Segment Start: Raw data
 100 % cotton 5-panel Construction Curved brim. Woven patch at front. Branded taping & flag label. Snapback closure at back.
Segment End: Raw data
Segment Start: Raw data
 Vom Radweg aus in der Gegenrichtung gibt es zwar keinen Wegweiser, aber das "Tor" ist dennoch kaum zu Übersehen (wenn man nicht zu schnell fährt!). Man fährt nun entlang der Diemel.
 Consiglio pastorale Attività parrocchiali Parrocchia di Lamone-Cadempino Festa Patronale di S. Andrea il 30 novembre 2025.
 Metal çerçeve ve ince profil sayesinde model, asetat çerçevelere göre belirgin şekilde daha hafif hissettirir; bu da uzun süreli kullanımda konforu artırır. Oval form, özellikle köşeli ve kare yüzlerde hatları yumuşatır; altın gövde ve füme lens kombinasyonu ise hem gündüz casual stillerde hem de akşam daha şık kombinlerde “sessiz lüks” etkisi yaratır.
Segment End: Raw data
Segment Start: Raw data
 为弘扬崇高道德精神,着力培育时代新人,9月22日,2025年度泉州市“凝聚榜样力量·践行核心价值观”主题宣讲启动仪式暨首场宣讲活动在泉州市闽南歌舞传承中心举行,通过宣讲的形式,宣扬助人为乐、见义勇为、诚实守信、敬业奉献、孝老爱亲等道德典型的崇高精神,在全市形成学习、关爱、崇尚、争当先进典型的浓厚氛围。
Segment End: Raw data
- _The task_: Among the records above, repeat exactly the line with "Consiglio pastorale Attività", the line with "Metal çerçeve ve", and every line in between, and only those.

- _Result below_:
 Consiglio pastorale Attività parrocchiali Parrocchia di Lamone-Cadempino Festa Patronale di S. Andrea il 30 novembre 2025.
 Metal çerçeve ve ince profil sayesinde model, asetat çerçevelere göre belirgin şekilde daha hafif hissettirir; bu da uzun süreli kullanımda konforu artırır. Oval form, özellikle köşeli ve kare yüzlerde hatları yumuşatır; altın gövde ve füme lens kombinasyonu ise hem gündüz casual stillerde hem de akşam daha şık kombinlerde “sessiz lüks” etkisi yaratır.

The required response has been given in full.